Looking at the docs I would guess that the Subtractability of an interval_map and the aggregate on overlap capabilities guarantee that the substraction works as a delete operation.
It turned out to be a very fruitful concept to propagate the addition
or subtraction to the interval_map's associated values in cases where
the insertion of an interval value pair into an interval_map resulted
in a collision of the inserted interval value pair with interval value
pairs, that are already in the interval_map.
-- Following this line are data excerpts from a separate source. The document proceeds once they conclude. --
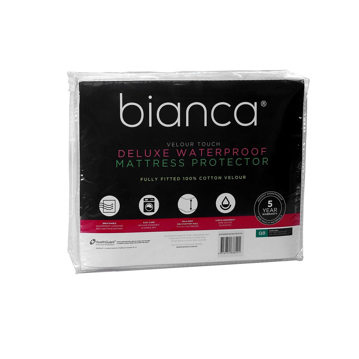 Extend the life of you mattress and pillows with Deluxe Waterproof Mattress Protector by Bianca. If features deluxe 100% cotton velour, health guard treated, anti dust mite & 50cm wall. Made from 100% cotton velour fabric, breathable, machine washable & tumble dry. Will fit any depth mattress.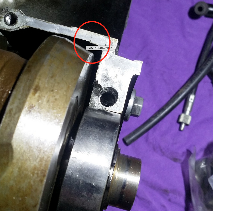 Here's the damage to the crankcase. Should be an easy fix, but even if it's not I still come out on top with the rest of the parts. I don't think I'll have to do anything with the mating surface, it should seal fine.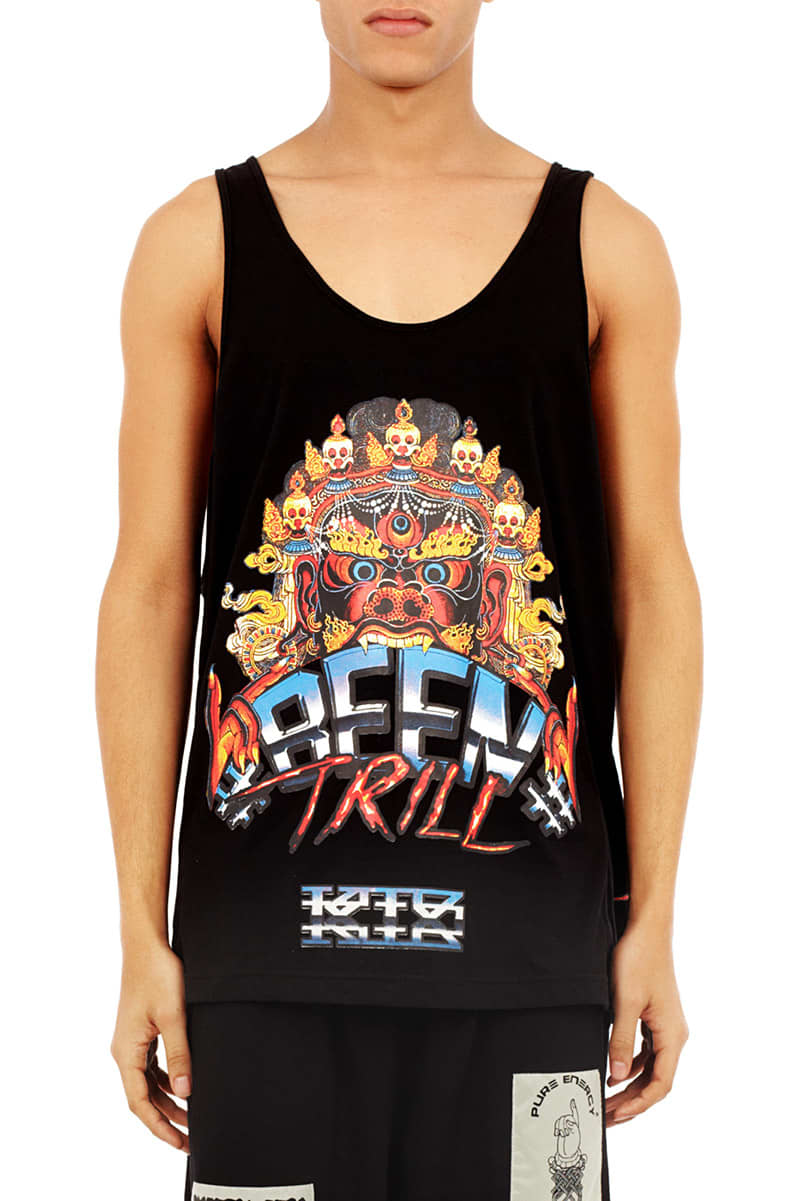 Neither UK natives Kokon to Zai (bka KTZ) nor Been Trill are particularly known for restraint, and their new collaboration is, predictably, kind of insane. Long-sleeved sweatshirts hashtagged "deepweb," matching skull-printed tanks and shorts, t-shirts with harnesses, hoods with eyeholes—all in all its a collection that feels frightfully appropriate as today is the first of October. The blend of the two brands' styles is like some kind of savage color-drenched dream, but also, somehow, still pretty wearable. Flip through the lookbook below and decide for yourself. But if full-on graphics are your bag, revisit our how to with former-Been Triller Heron Preston on the subdued look of rocking winter whites.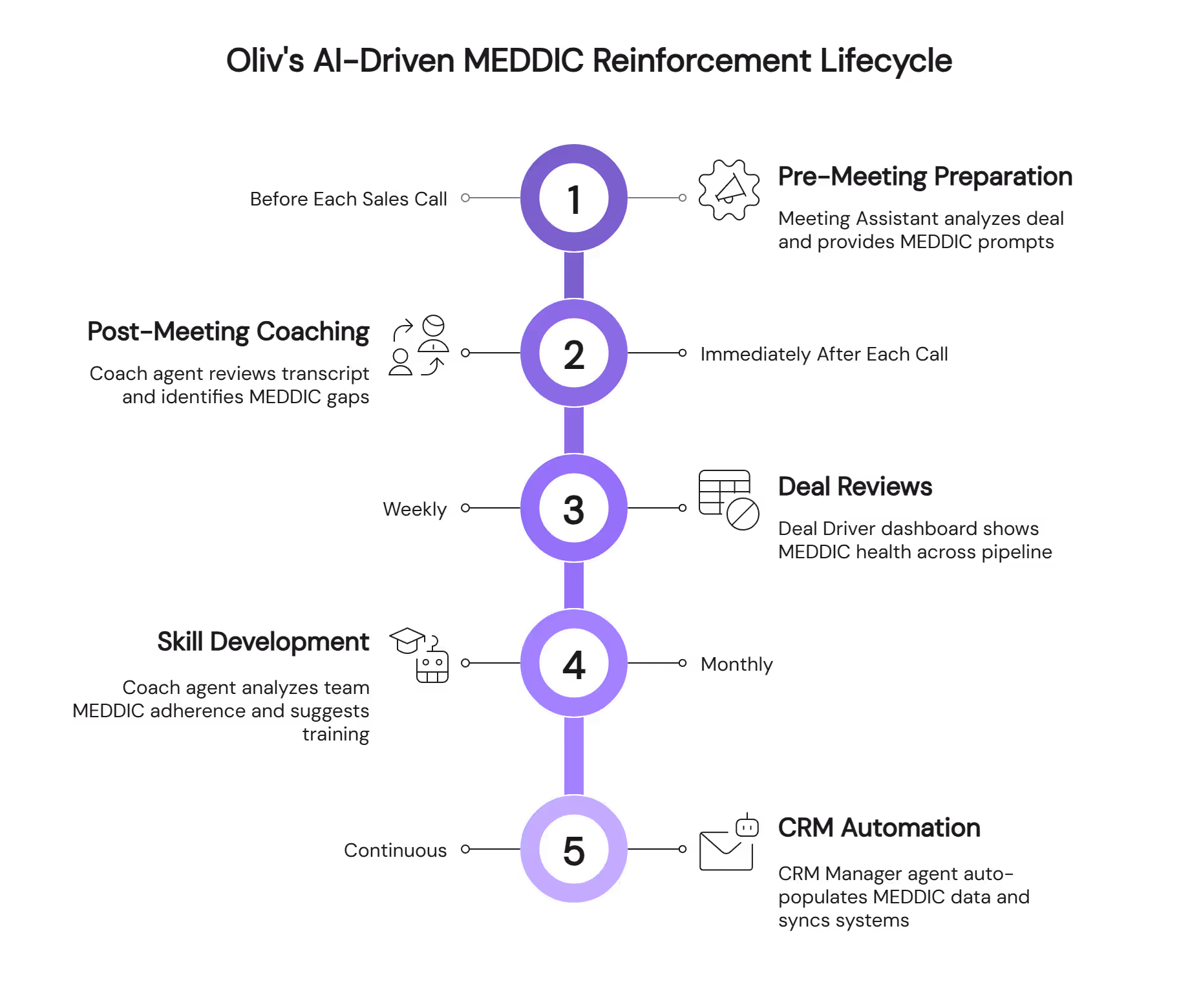 Automatic MEDDIC capture: The article emphasizes that "Oliv streamlines key sales processes, provides deal insights, and auto-populates CRM with MEDDIC/BANT scorecards". Unlike traditional tools requiring manual data entry, we automatically analyze every sales conversation using fine-tuned LLMs trained on 100+ sales methodologies including MEDDIC.

This operation
propagation is called aggregate on overlap.
Let's say I have to match intervals of unix timestamps to some record ids (integers).
Working from this answer I've come up with this MWE:
// interval_map_mwe.cpp
#include <map>
#include <set>
#include <climits>
#include <boost/icl/interval.hpp>
#include <boost/icl/interval_map.hpp>
// Set of IDs that cover a time interval
typedef std::set<unsigned int> IDSet_t;
// interval tree from intervals of timestamps to a set of ids
typedef boost::icl::interval_map<time_t, IDSet_t> IMap_t;
// a time interval
typedef boost::icl::interval<time_t> Interval_t;
#include <iostream>
// from https://stackoverflow.com/a/22027957
inline std::ostream& operator<< (std::ostream& S, const IDSet_t& X)
{
S << '(';
for (IDSet_t::const_iterator it = X.begin(); it != X.end(); ++it) {
if (it != X.begin()) {
S << ',';
}
S << *it;
}
S << ')';
return S;
}
int main(int argc, const char *argv[])
{
(void)argc; // suppress warning
(void)argv; // suppress warning
IMap_t m;
IDSet_t s;
s.insert(1);
s.insert(2);
m += std::make_pair(Interval_t::right_open(100, 200), s);
s = IDSet_t();
s.insert(3);
s.insert(4);
m += std::make_pair(Interval_t::right_open(200, 300), s);
s = IDSet_t();
s.insert(5);
s.insert(6);
m += std::make_pair(Interval_t::right_open(150, 250), s);
std::cout << "Initial map: " << std::endl;
std::cout << m << std::endl;
// find operation
IMap_t::const_iterator it = m.find(175);
std::cout << "Interval that covers 175: ";
std::cout << it->first << std::endl;
std::cout << "Ids in interval: " << it->second << std::endl;
// partially remove 5 from interval (160,180)
s = IDSet_t();
s.insert(5);
m -= std::make_pair(Interval_t::right_open(160, 180), s);
std::cout << "map with 5 partially removed:" << std::endl;
std::cout << m << std::endl;
// completelly remove 6
s = IDSet_t();
s.insert(6);
// Note: maybe the range of the interval could be shorter if you can somehow obtain the minimum and maximum times
m -= std::make_pair(Interval_t::right_open(0, UINT_MAX), s);
std::cout << "map without 6: " << std::endl;
std::cout << m << std::endl;
// remove a time interval
m -= Interval_t::right_open(160, 170);
std::cout << "map with time span removed: " << std::endl;
std::cout << m << std::endl;
return 0;
}
Compiling with g++ 4.4.7:
g++ -Wall -Wextra -std=c++98 -I /usr/include/boost148/ interval_map_mwe.cpp
The output I get is
Initial map:
{([100,150)->{1 2 })([150,200)->{1 2 5 6 })([200,250)->{3 4 5 6 })([250,300)->{3 4 })}
Interval that covers 175: [150,200)
Ids in interval: (1,2,5,6)
map with 5 partially removed:
{([100,150)->{1 2 })([150,160)->{1 2 5 6 })([160,180)->{1 2 6 })([180,200)->{1 2 5 6 })([200,250)->{3 4 5 6 })([250,300)->{3 4 })}
map without 6:
{([100,150)->{1 2 })([150,160)->{1 2 5 })([160,180)->{1 2 })([180,200)->{1 2 5 })([200,250)->{3 4 5 })([250,300)->{3 4 })}
map with time span removed:
{([100,150)->{1 2 })([150,160)->{1 2 5 })([170,180)->{1 2 })([180,200)->{1 2 5 })([200,250)->{3 4 5 })([250,300)->{3 4 })}
Note: The numbers in the MWE can be considered random. I find it easier to reason about the example with small numbers.